Source records
══════════════════════════════
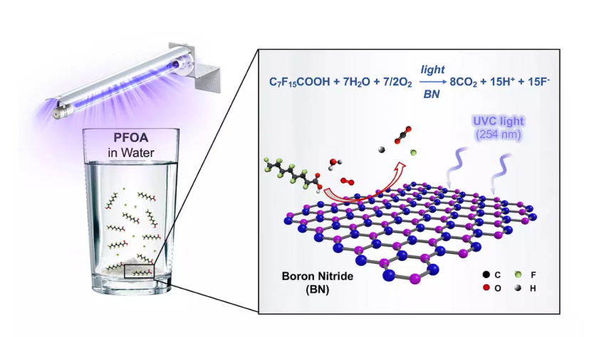 “观察结果是这样的,”研究负责人Michael Wong说。“你拿一个含有一些PFOA的水瓶,你扔进你的BN粉末,然后你把它密封起来。这就是它。你不需要添加任何氢气或用氧气净化它。只是我们呼吸的空气,被污染的水和BN粉。你将其暴露在紫外线下,特别是波长254纳米的UV-C光下,4小时后回来,99%的PFOA已经转化为氟化物、二氧化碳和氢气。”
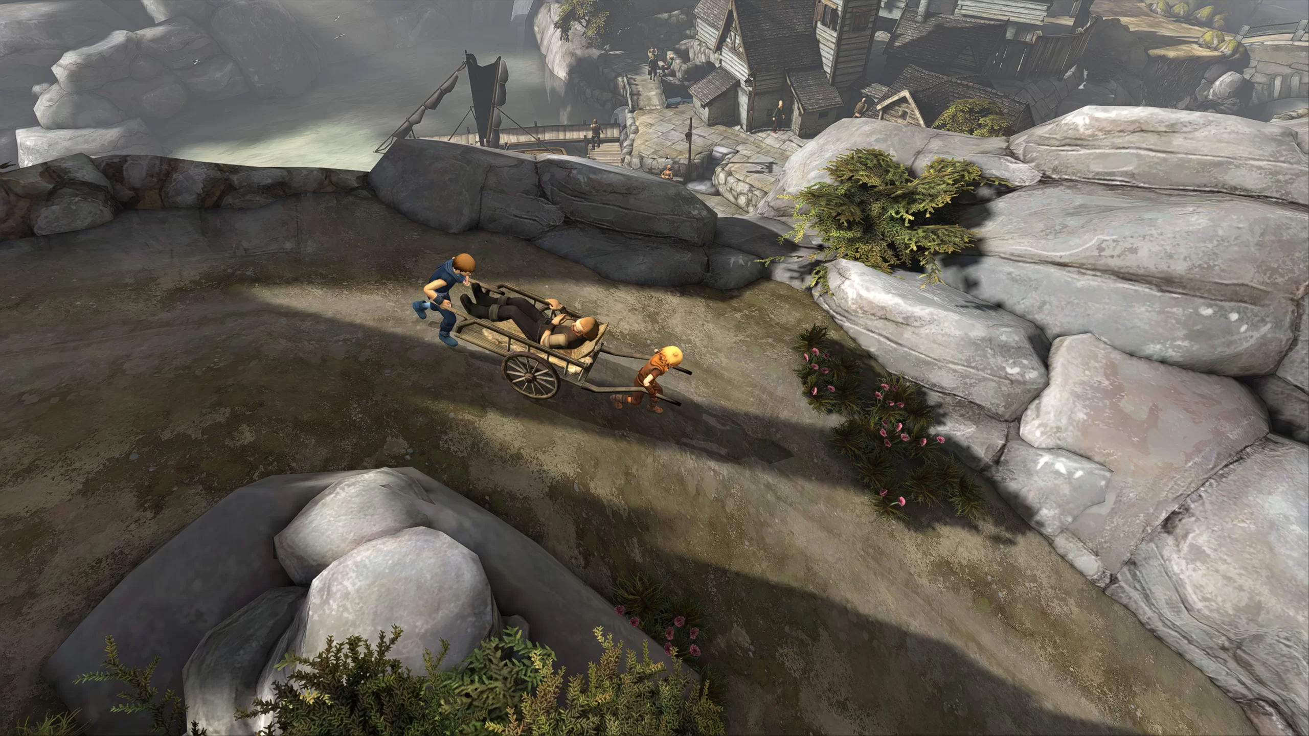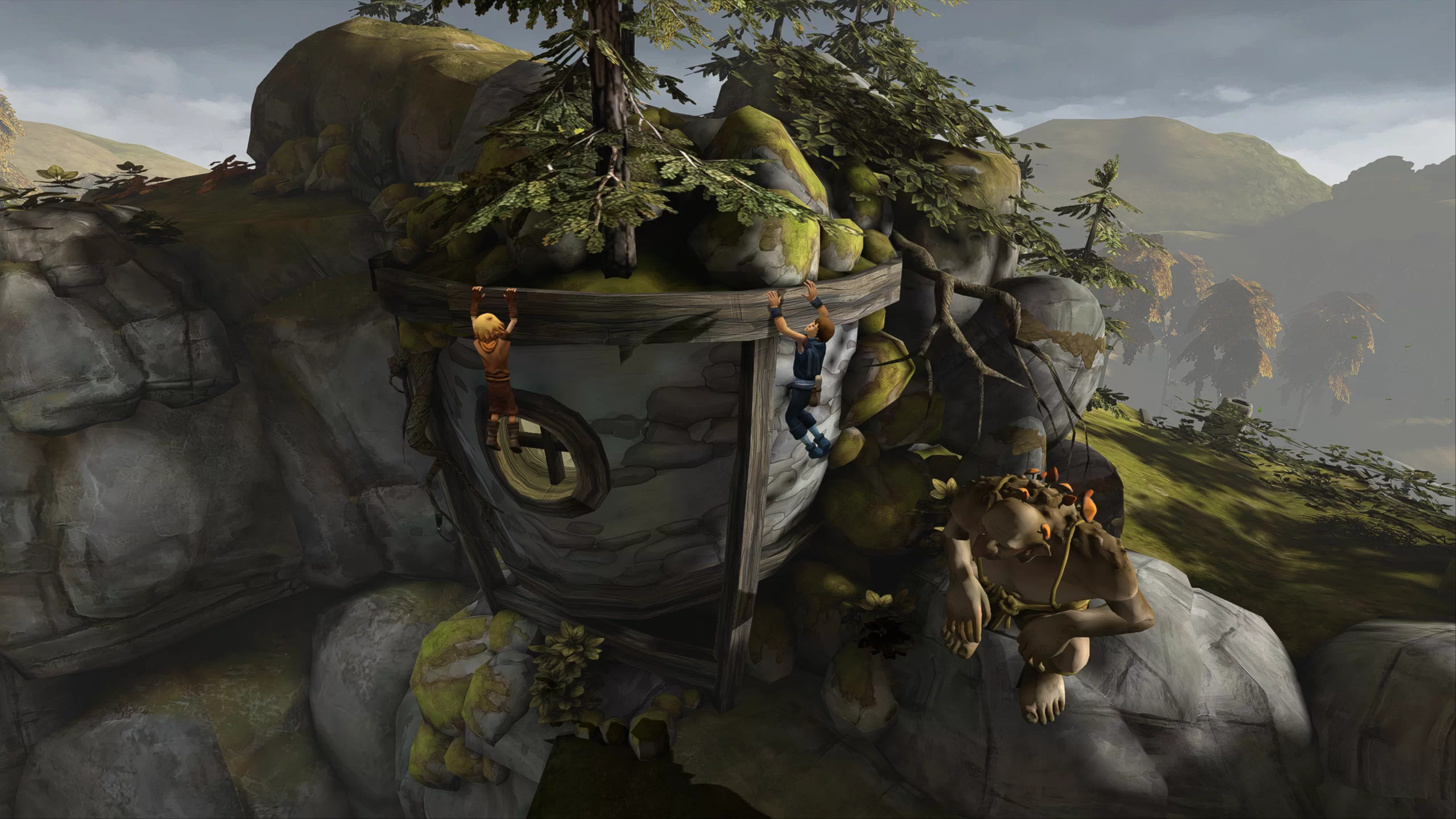 Игра имеет яркую и красочную визуальную составляющую с большим вниманием к деталям. Локации в игре разнообразны: от зелёных лесов и горных вершин до мрачных пещер и древних руин, каждая из которых имеет уникальную атмосферу. Меланхоличная и эмоциональная музыка дополняет сюжет, подчеркивая моменты драмы и приключений. Благодаря этой атмосфере игра удачно погружает игрока в переживания братьев и их взаимоотношения.
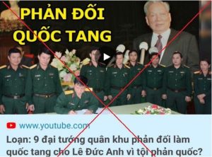 Bỉ ổi hơn nữa, các thế lực thù địch đã sử dụng hình ảnh 9 đồng chí của Phòng Chính trị thuộc Bộ Chỉ huy Quân sự tỉnh Quảng Ngãi đang ký kết chương trình triển khai nhiệm vụ quốc phòng, quân sự năm 2018 (đăng trên trang tin điện tử của Bộ CHQS tỉnh Quảng Ngãi) để làm hình nền cho đoạn video “Loạn 9 đại tướng quân khu phản đối làm quốc tang cho nguyên Chủ tịch nước Lê Đức Anh” đăng trên kênh youtube với nội dung xuyên tạc công lao to lớn của nguyên Chủ tịch nước Cộng hòa xã hội chủ nghĩa Việt Nam, vị Đại tướng cầm quân tài ba và có trái tim nhân hậu của chúng ta.
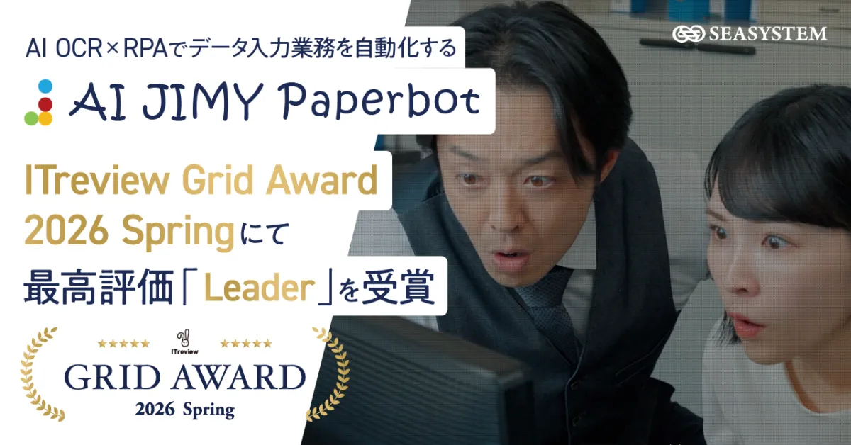 シー・システム株式会社が開発したデータ入力自動化ツール「AI JIMY Paperbot」が、アイティクラウド株式会社主催の「ITreview Grid Award 2026 Spring」において、最高評価である「Leader」を受賞しました。この評価は、約15.7万件のユーザーレビューを元に決定されたもので、顧客満足度と製品認知度の両面で優れた成果を示しています。
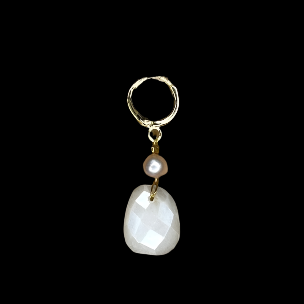 Part of our Precious Elements Collection, this moonstone and pearl pendant is handmade from a hand cut faceted precious metal coated white moonstone focal drop and a cream pearl.
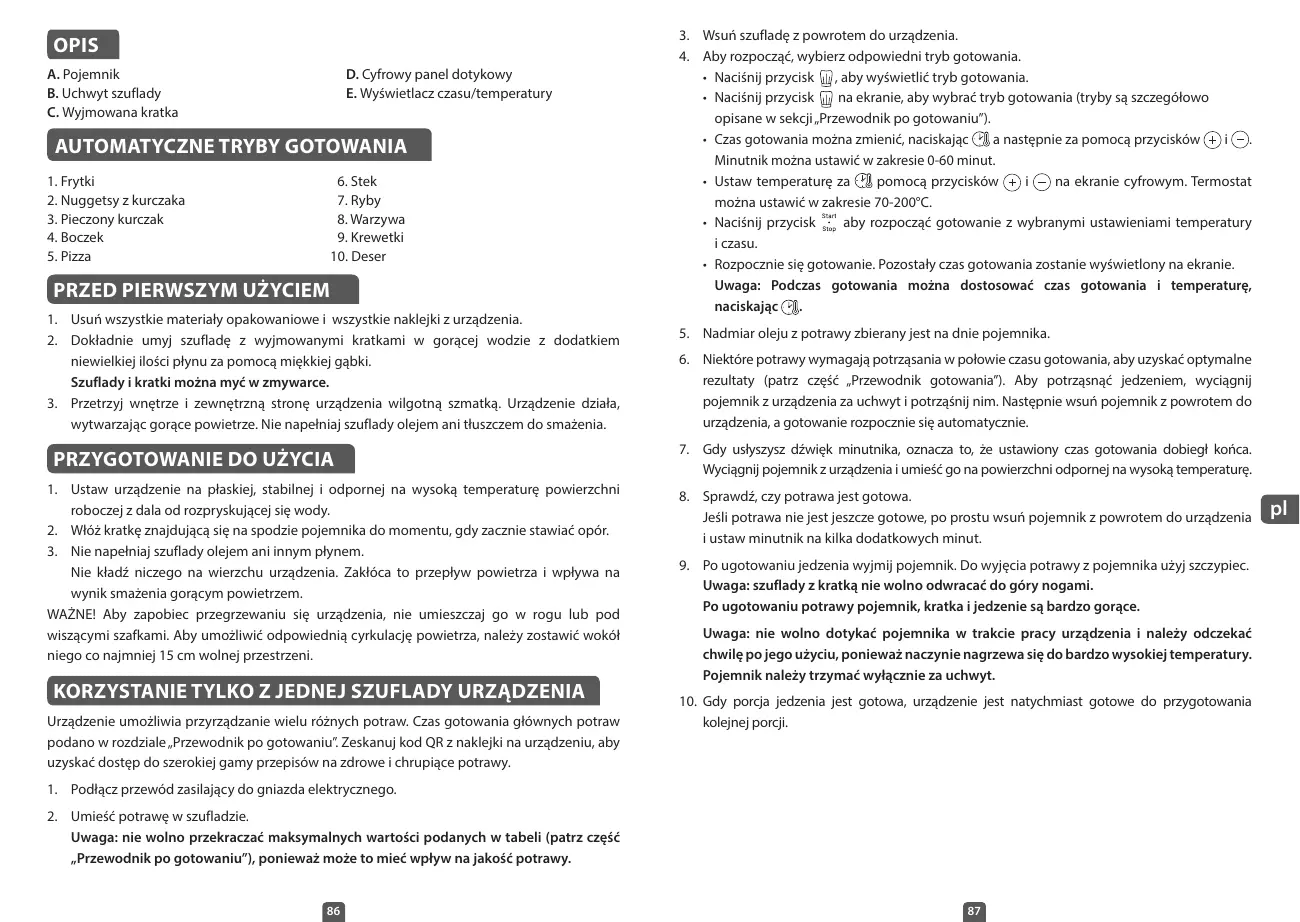 MODE D’EMPLOI DE L’APPAREIL L’appareil permet de cuire une vaste gamme de recettes. Les temps de cuisson pour les principaux ingrédients sont indiqués dans la section « Réglages ». Savourez des plats sains et croustillants grâce à notre grande variété de recettes en flashant le code QR sur le sticker du produit.
══════════════════════════════
### WHAT THIS TASK INVOLVES
Transcribe exactly and only the lines from the top of the records through the line containing "Игра имеет яркую", inclusive, and do not copy the pictures.

### WRITTEN SOLUTION
 “观察结果是这样的,”研究负责人Michael Wong说。“你拿一个含有一些PFOA的水瓶,你扔进你的BN粉末,然后你把它密封起来。这就是它。你不需要添加任何氢气或用氧气净化它。只是我们呼吸的空气,被污染的水和BN粉。你将其暴露在紫外线下,特别是波长254纳米的UV-C光下,4小时后回来,99%的PFOA已经转化为氟化物、二氧化碳和氢气。”
 Игра имеет яркую и красочную визуальную составляющую с большим вниманием к деталям. Локации в игре разнообразны: от зелёных лесов и горных вершин до мрачных пещер и древних руин, каждая из которых имеет уникальную атмосферу. Меланхоличная и эмоциональная музыка дополняет сюжет, подчеркивая моменты драмы и приключений. Благодаря этой атмосфере игра удачно погружает игрока в переживания братьев и их взаимоотношения.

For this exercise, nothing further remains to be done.